Your objective: Return the data below exactly as given, except for the images.

:: The data ::

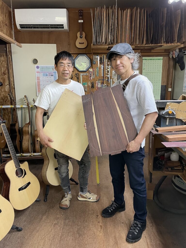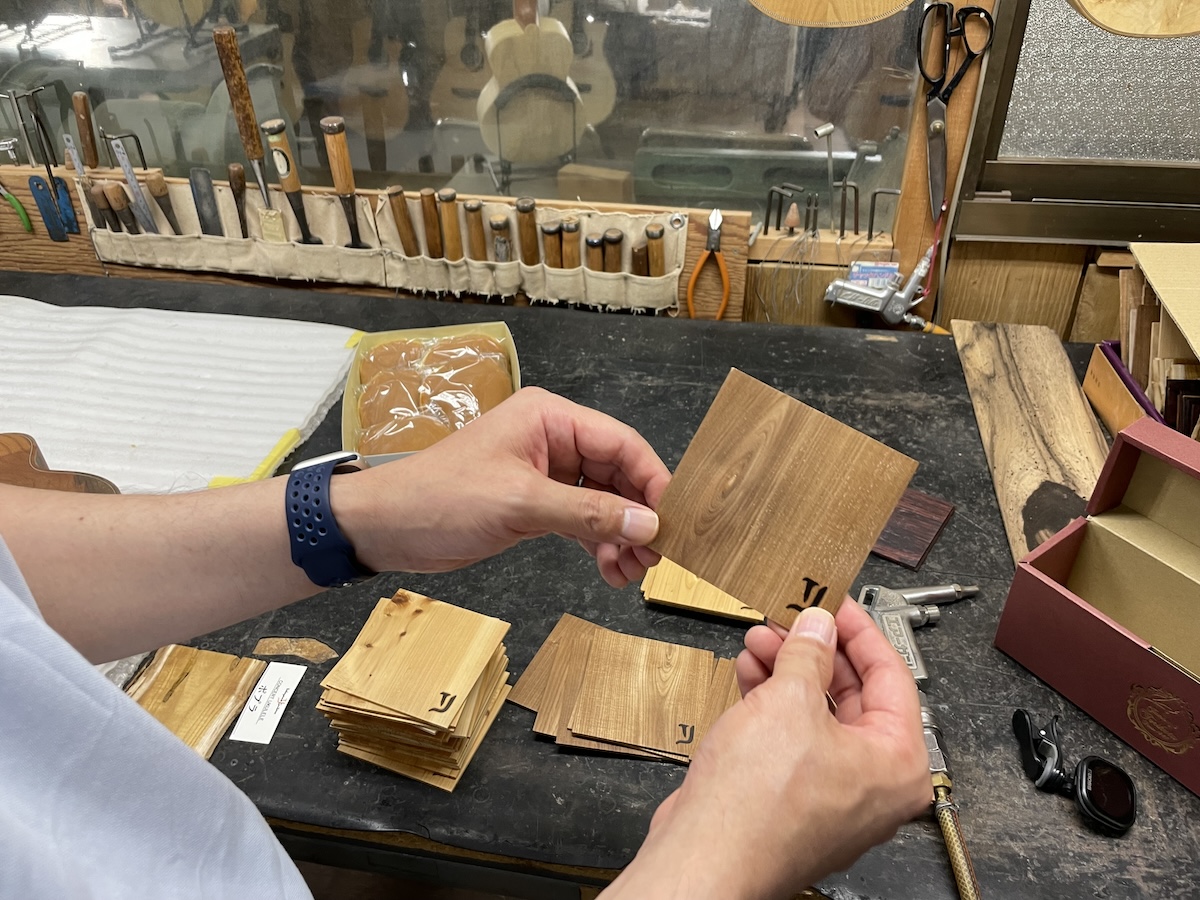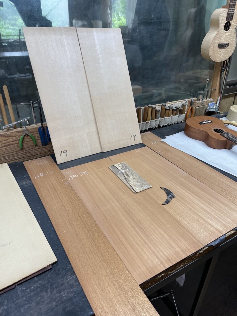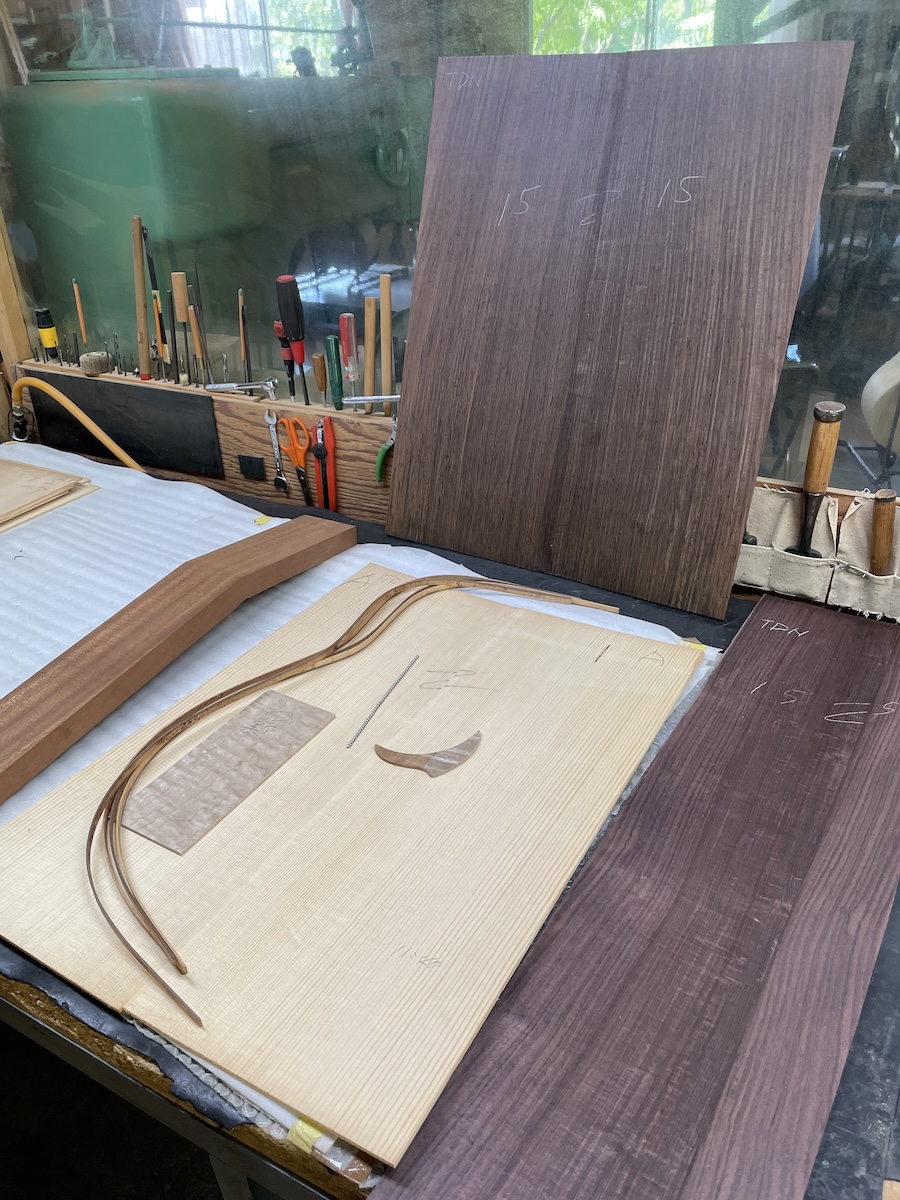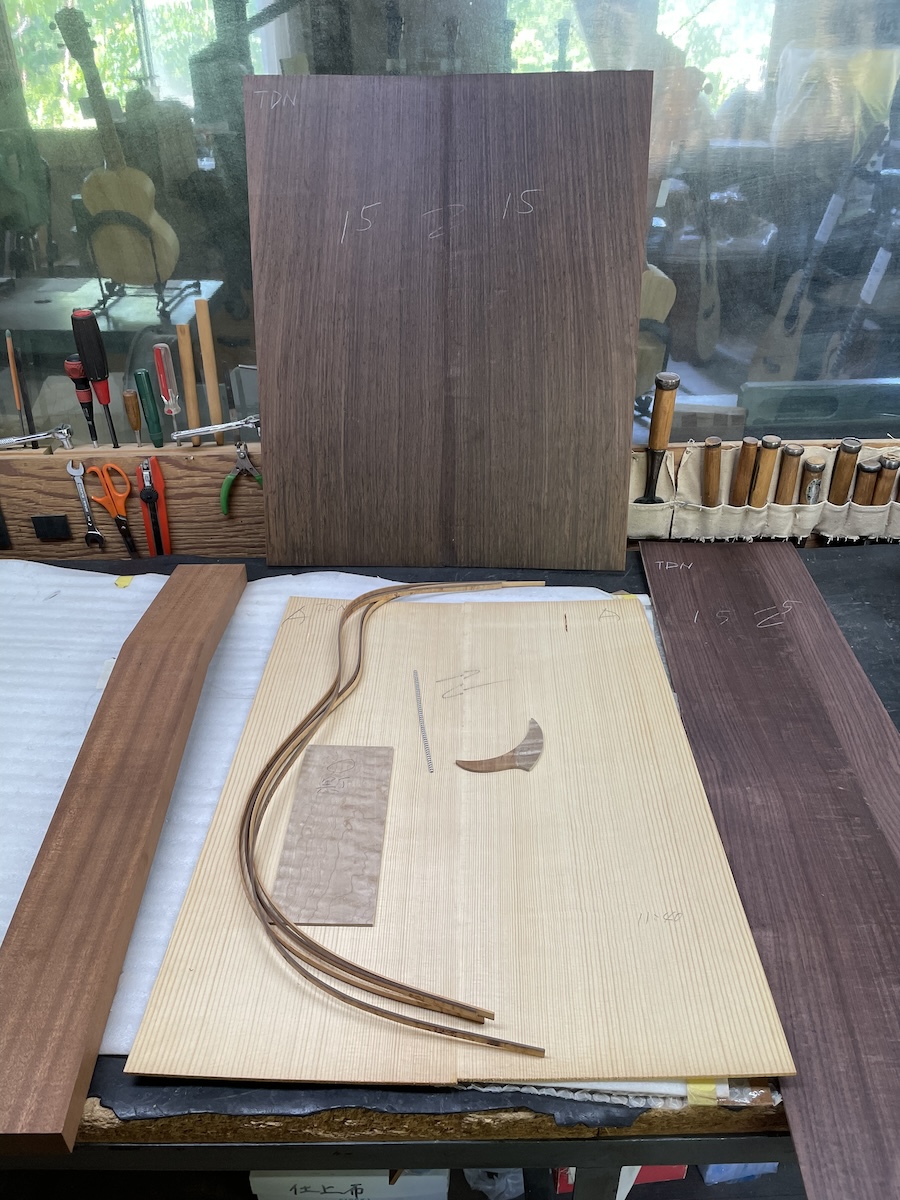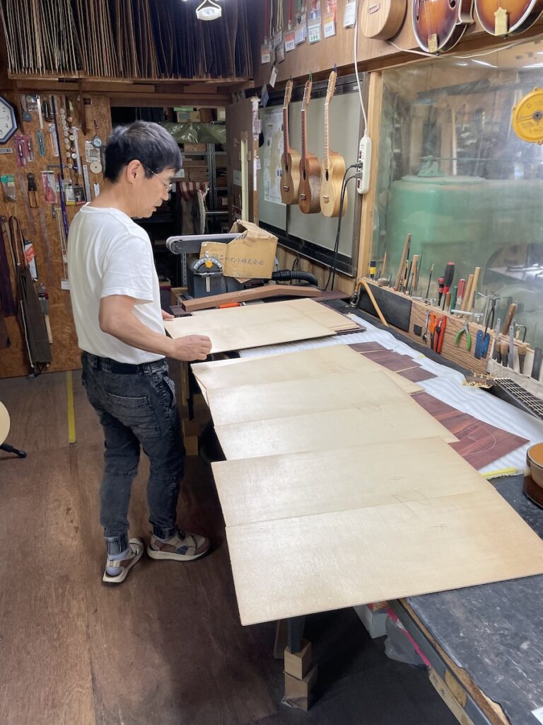 色々とお試しいただいた結果、トップはイングルマンスプルース、バック&サイドはカマティロのARシェイプに決定。完成形をイメージしながら材料を選定していきます。
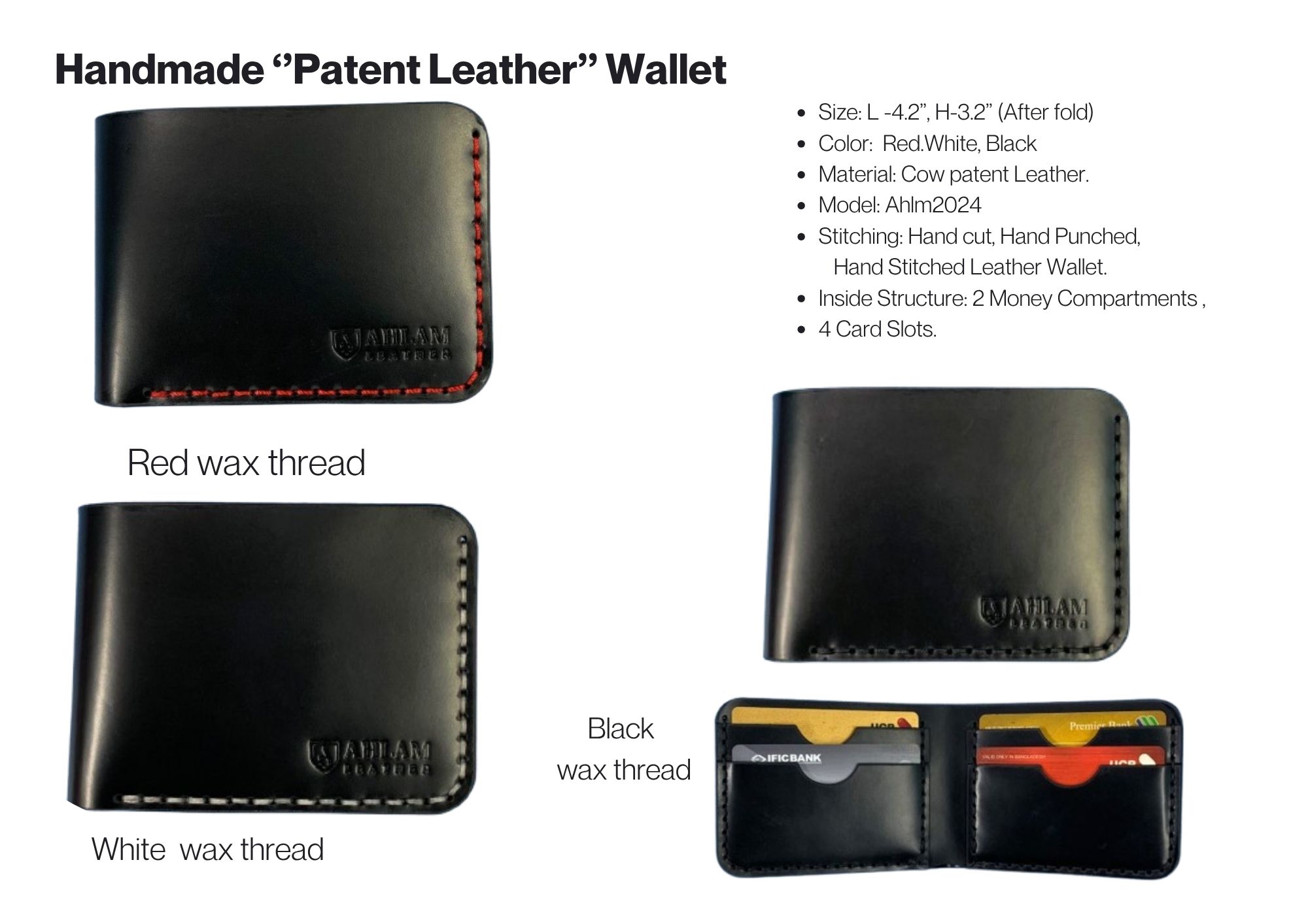 Crafted from premium patent leather, this handmade wallet brings together timeless elegance and modern polish. Its glossy finish catches the light beautifully while staying durable for everyday use. Inside, every stitch shows care — with neat compartments for cards, cash, and essentials. Slim enough to slip into your pocket, yet bold enough to make a statement.
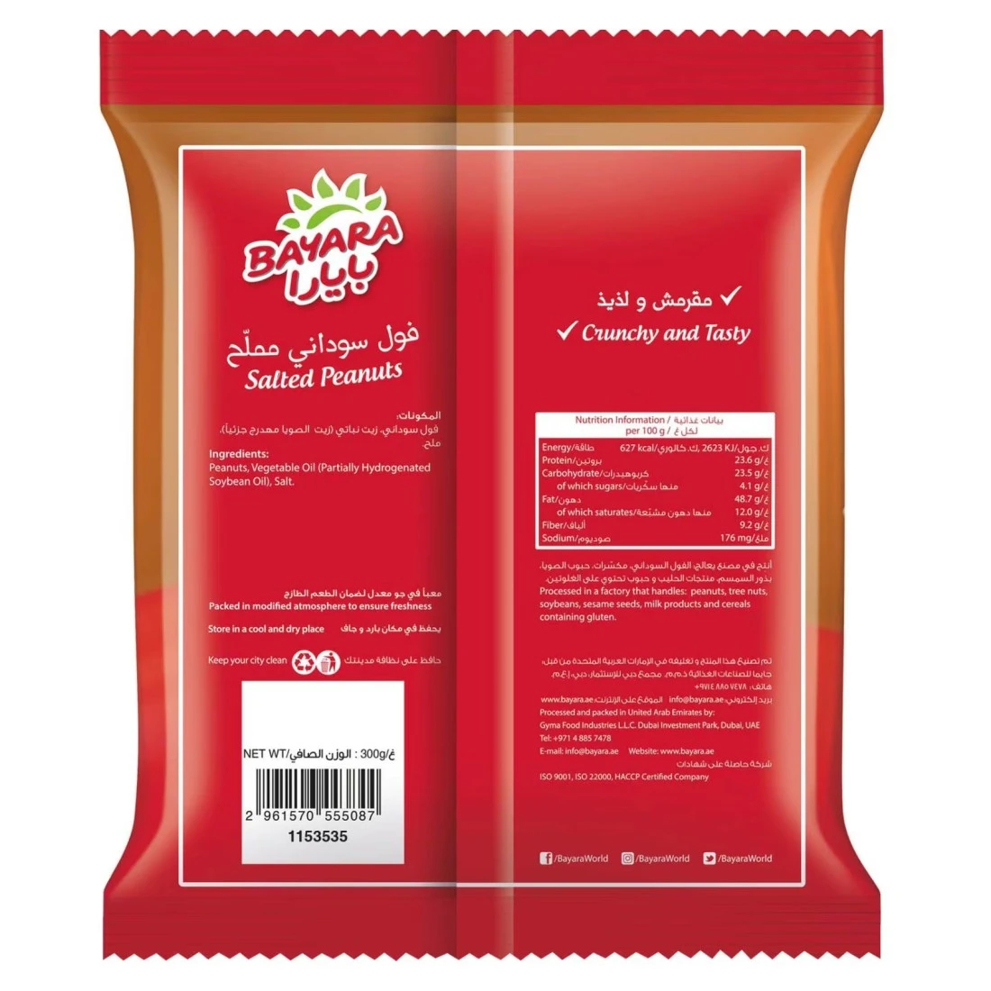 Bayara Snacks Peanuts Salted is a 300g pack of roasted and salted peanuts. These crunchy and flavourful nuts are a popular snack option for all occasions. They are packed with essential nutrients like protein healthy fats and fiber making them a healthy and satisfying option. Whether you enjoy them on their own or use them in various recipes Bayara Snacks Peanuts Salted are a delicious and nutritious choice for peanut lovers.

:::

Answer for the task:
 色々とお試しいただいた結果、トップはイングルマンスプルース、バック&サイドはカマティロのARシェイプに決定。完成形をイメージしながら材料を選定していきます。
 Crafted from premium patent leather, this handmade wallet brings together timeless elegance and modern polish. Its glossy finish catches the light beautifully while staying durable for everyday use. Inside, every stitch shows care — with neat compartments for cards, cash, and essentials. Slim enough to slip into your pocket, yet bold enough to make a statement.
 Bayara Snacks Peanuts Salted is a 300g pack of roasted and salted peanuts. These crunchy and flavourful nuts are a popular snack option for all occasions. They are packed with essential nutrients like protein healthy fats and fiber making them a healthy and satisfying option. Whether you enjoy them on their own or use them in various recipes Bayara Snacks Peanuts Salted are a delicious and nutritious choice for peanut lovers.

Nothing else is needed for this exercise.